Ukraine Goes to War – and Always Will as Long as Maidan Holds Power
Ukrainian Government will never willingly compromise. Without Western pressure the war will go on
As the economic situation in Ukraine goes from bad to worse the response of the Ukrainian government's attention is focused instead on resuming the war in the Donbass.
Over the last few weeks we have heard boasts from President Poroshenko that the combat capabilities of the Ukrainian military have been fully restored since its defeat last summer and that all its losses in armour (according to Poroshenko 65% of the total with which the Ukrainian army started its offensive in June) have been made good. We have also had a succession of mobilisation decrees calling up a grand total of 250,000 men in three waves extending to June.
All of this has been accompanied with the usual fiery rhetoric against Russia and the people in the Donbass the Ukrainian government calls “separatists” or “terrorists”.
Meanwhile a tragic shelling of a bus near Volnovakha has been blamed by the government on the rebels, leading to staged protests attended by government officials in Kiev and elsewhere.
How did we get to this position?
The short answer is that the Ukrainian government has refused to carry out the peace process it committed itself to in the Minsk Protocol. The constitutional negotiations that were supposed to happen and which the government committed itself to in the Minsk Protocol and which were supposed to lead to a final settlement of the Ukrainian conflict have never taken place.
The Minsk Protocol also committed the government to extensive decentralisation of the Donbass preliminary to a final peace settlement and to elections there. The elections duly took place but the government did not recognise them or their outcome and though the Ukrainian parliament passed a law for the decentralisation of the Donbass, the Ukrainian government then almost immediately reversed it.
Previously, back in September, I discussed the Minsk Protocol in detail here, where I said
“…..the Protocol is in my opinion a total red herring.
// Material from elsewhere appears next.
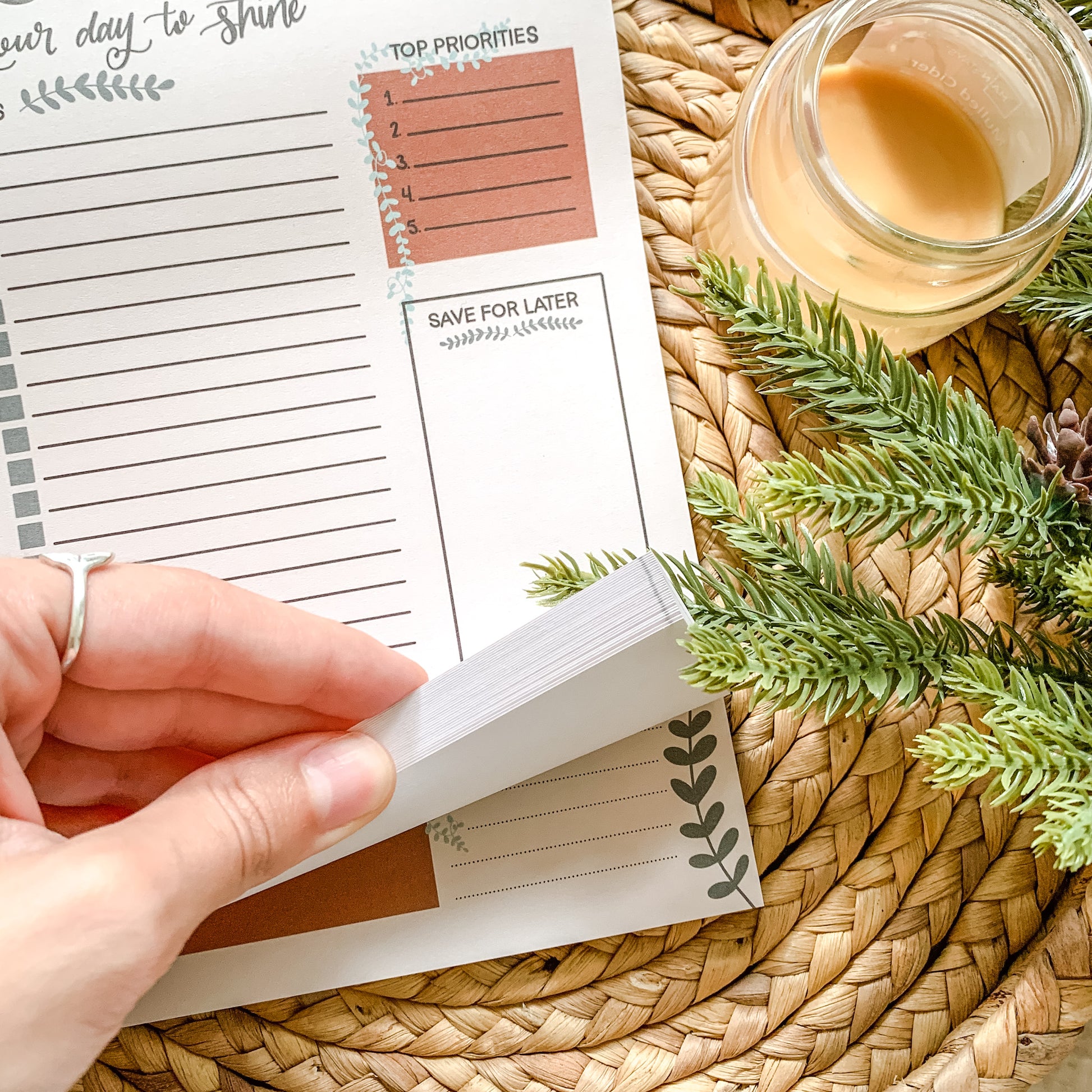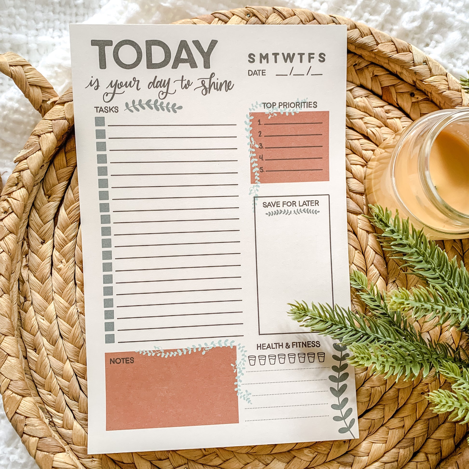 Keep your day in order with this 100-page top-bound notepads! Hand-lettered sections include a to-do list, "top priorities" section, "save for later" box, a note area, as well as a "health & fitness" tracker. Once your day is over, simply tear the page off and continue on! Backed with a sturdy cardboard backing.
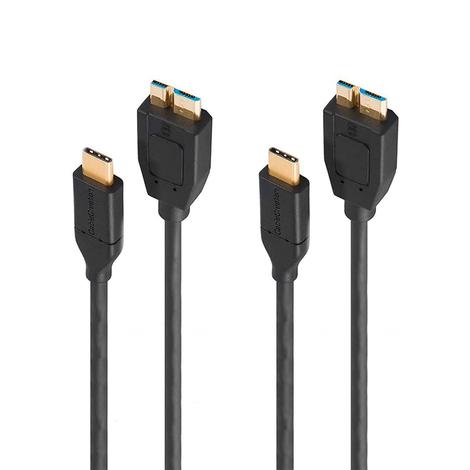 CableCreation USB C to Micro B 3.0 Cable [2-Pack], Gen2 10Gbps Fast Charging & Syncing Cord Compatible with MacBook Pro, Galaxy S20, Toshiba Canvio, External Hard Drive, 0.3M/ Black

The Protocol is not a contract or treaty. There is no court or tribunal that will arbitrate on the meaning of its words. All the sides will construe it as they wish. The junta will not of course construe it as I have done and nor will its western backers even though my interpretation is undoubtedly the correct one. The junta will continue to call the NAF (the “Novorossian Armed Forces” - AM) “terrorists” and will continue to deny they are the representatives of the Donbas whether they win the election or not. Certainly the junta will not recognise an election the NAF wins or any declaration of independence the NAF makes. For what it’s worth in my opinion there is little chance of the terms of such an election being agreed upon or such an election taking place whilst the Donbas remains part of the Ukraine”.
Every word in this paragraph has come true. The Ukrainian government still refuses to recognise the Donbass leaders Zakharchenko and Plotnisky as the representatives of the people of the Donbass even though their signatures are on the Minsk Protocol, which the Ukrainian government negotiated with them and itself signed. Elections in the Donbass did take place in November but as I predicted the Ukrainian government did not agree their terms. The Ukrainian government still calls Zakharchenko and Plotnitsky and the other Donbass leaders “terrorists”.
The reason I was able to make that prediction in September with such confidence and why that prediction has in every respect come true, is because the nature of the Ukrainian government allowed for no other.
The basic truth about the crisis in Ukraine and why there is a war there - the one that many people especially in the West refuse to acknowledge - is that the faction that seized power in Ukraine through the February 2014 coup is structurally incapable of negotiation or compromise with those it considers its opponents.
I discussed the nature of this faction when I discussed the results of the elections in Ukraine last November. Briefly, the whole purpose of the February coup was so that the faction in Ukraine that holds power now could achieve the unrestricted dominance of Ukrainian society which is its only way of making true its vision of a unitary, monolingual, monocultural Ukraine that is forever distanced from Russia.
It is also incidentally the reason for the repeated attacks on the Lenin statues discussed by Paul Robinson here. Given the regime’s overriding, aggressive drive to reshape Ukraine in its own image, it cannot tolerate the existence of these statues precisely because so many Ukrainians adhere to them and by doing so hold fast to a different vision of Ukraine from the one the regime has. The very reason why Robinson says it is a mistake to attack these statues is therefore for the regime a compelling reason to destroy them. The statues have to be eliminated from Ukraine just as opponents who think of Ukraine differently must be.
It is this drive - not Russia’s actions - which is why Ukraine is in a state of perpetual war and crisis and why atrocities like the 2nd May 2014 Odessa fire can happen without being properly investigated or the perpetrators brought to account.
Though the Maidan regime is deeply divided and factionalised, its drive to remake Ukraine and to eliminate all opponents of its vision, is the common denominator of all its factions. As factional differences intensify as the economic situation deteriorates, fulfilment of the drive through war increasingly becomes the way the regime retains coherence, making a renewal of the war inevitable.
What this means in practice is that negotiations between the Ukrainian government and the Donbass as a route to peace in Ukraine are all but impossible. As Yanukovych repeatedly discovered during the Maidan crisis (see our discussion of his ouster here), any attempt to achieve a compromise is bound in the end to fail since the Maidan movement which holds power in Ukraine now is structurally unable to compromise.
This reality is now well understood by all the parties in Ukraine itself. It is also widely understood in Russia. The unanswered question of the Ukrainian crisis is how far it is understood in the West. The answer I suspect is very little. This is why all the West’s pressure is on Russia and the Donbass, where it is not needed and where it achieves nothing, and none is on the Ukrainian government, where it is really needed and where it might do some good.
That is is why we also still hear Western declarations of support for Ukraine and its government. Given Ukrainian realities, as a way of achieving peace in Ukraine, that is almost the worst thing Western governments can do.